* _Exercise details_
Write out, word for word, the part of the listing below that opens with the line containing "d. Remove the" and closes with the line containing "Funda de Cuero", keeping both of those lines and adding no others.

* _Dataset records_
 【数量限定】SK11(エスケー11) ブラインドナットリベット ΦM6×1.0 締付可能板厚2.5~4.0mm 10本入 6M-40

==

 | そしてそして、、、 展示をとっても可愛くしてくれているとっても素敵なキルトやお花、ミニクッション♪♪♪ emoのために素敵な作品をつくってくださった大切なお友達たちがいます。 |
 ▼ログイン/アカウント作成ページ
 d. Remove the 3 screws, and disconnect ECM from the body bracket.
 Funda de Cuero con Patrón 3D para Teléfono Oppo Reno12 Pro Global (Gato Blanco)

* _Written solution_
 d. Remove the 3 screws, and disconnect ECM from the body bracket.
 Funda de Cuero con Patrón 3D para Teléfono Oppo Reno12 Pro Global (Gato Blanco)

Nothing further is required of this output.